Wenn du viel mit der Bahn reist, kannst du auch viel erleben. Und immer, wenn du denkst, du hättest schon alles erlebt, gibt es neue, erstaunliche Situationen.
Bahnansage, das Gleis wird verändert. Hunderte Menschen schleppen ihre Koffer eilig ans neue Gleis. Dort angekommen, April, April, es bleibt doch beim alten Gleis. Hektisch und murrend ziehen Hunderte von Menschen wieder zurück auf Los.
Umgekehrte Zug-Reihung ist fast schon ein Schwierigkeitsgrad für Anfänger, denn es passiert sehr oft. Das heißt dein gebuchter Sitzplatz ist nicht da, wo er versprochen wurde, sondern du musst ihn suchen. Meistens am genau anderen Ende.
Besonders spaßig wird es, wenn ein ganzer Waggon ausfällt, und zwar genau dort, wo du deinen Sitzplatz gehabt hättest. Pech. Heul doch!
Fast schon perfide dagegen ist, wenn dir die Bahn-App mitteilt, dass dein Zug 20 Minuten später abfährt, es dann aber doch pünktlich tut, nur eben ohne dich.
Neulich, auf dem Weg nach Dortmund, hat sich der Zug doch tatsächlich verfahren. Wir mussten dann eine andere Strecke nehmen und ein bestimmter Halt entfiel. Das hatte ich auch noch nie.
Dies nur eine kleine Auswahl an möglichen Bahn-Ereignissen.
Fakt ist: ohne die Bahn wäre das Leben weniger Abenteuer. Und auch weniger lustig.
Meine Hochachtung gilt dem (geschulten) Bahnpersonal, die 1A- Emotions-Arbeit leisten. Emotionsarbeit ist ein Begriff, zu dem die Wirtschaftswissenschaftlerin Daniela Rastetter von der Uni Hamburg forscht.

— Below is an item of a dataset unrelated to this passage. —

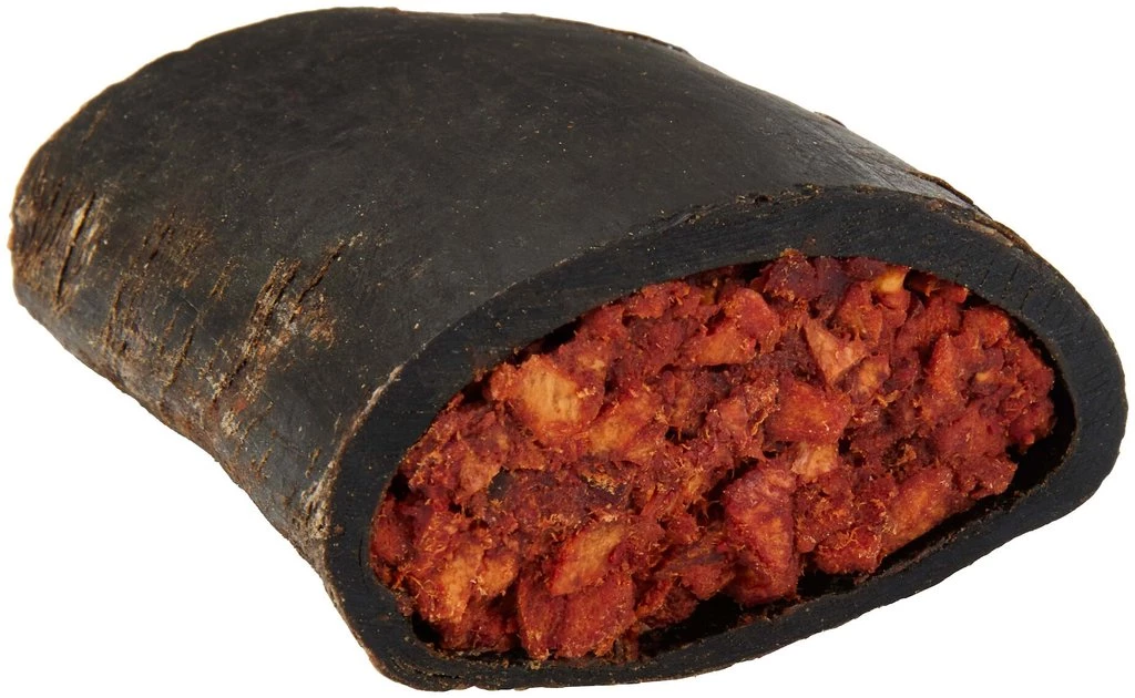 - Two-in-one dog treat with a water buffalo horn to gnaw on and a soft filling on the inside.
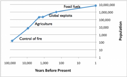 Графика 6. Ръст на човешкото население, докато овладяват ново източници на енергия. Хоризонтален – броят на годините до момента време, вертикала – размер на населението. Отляво надясно: контрол на пожара, земеделие, глобално развитие отлага изкопаеми горива

Alle Menschen, die mit anderen Menschen zu tun haben, leisten Emotions-Arbeit. Sie müssen zusätzlich zu ihren eigentlichen Aufgaben mit Ärger, Enttäuschung, geplatzten Erwartungen und Co. umgehen.
Und das kostet Kraft. Mitunter viel Kraft.

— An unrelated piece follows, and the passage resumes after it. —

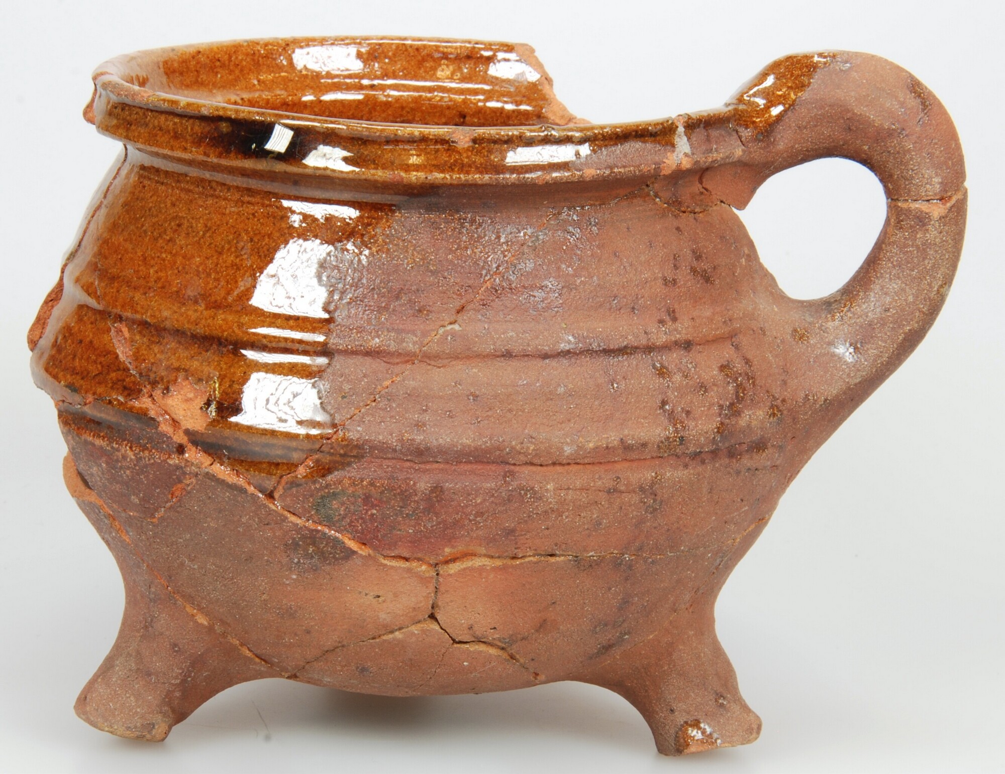 Grape; r-gra-34; grape met scherpe buikknik, ribbel op schouder en kraagrand; roodbakkend aardewerk; inwendig loodglazuur, uitwendig loodglazuurvlek; ribbel op schouder; drie poten; één worstoor

Bahn-Mitarbeiter haben es häufig mit wütenden Menschen zu tun, die einen Anschluss oder Flug verpasst haben, weil sich der Zug um Stunden verspätet oder ganz ausfällt.
Wie geh ich optimalerweise mit einem wütenden Menschen um?
- In Ruhe ausrasten lassen. Warten, bis der Anfall vorbei ist, erst dann kann man sinnvoll reagieren. Gefühle kennen keine Abkürzungen. Sie wollen ausgelebt werden. Wütende Menschen befinden sich in einem psychologischen Nebel, der Sachargumente nicht durchkommen lässt.
- Sich nicht klein machen. Aufrecht bleiben, Standing bewahren.
- Nicht lächeln, grinsen, Problem nicht klein machen, nicht abwerten, sondern möglichst ruhig zuhören und versuchen zu verstehen. Zuhören heißt noch lange nicht zustimmen.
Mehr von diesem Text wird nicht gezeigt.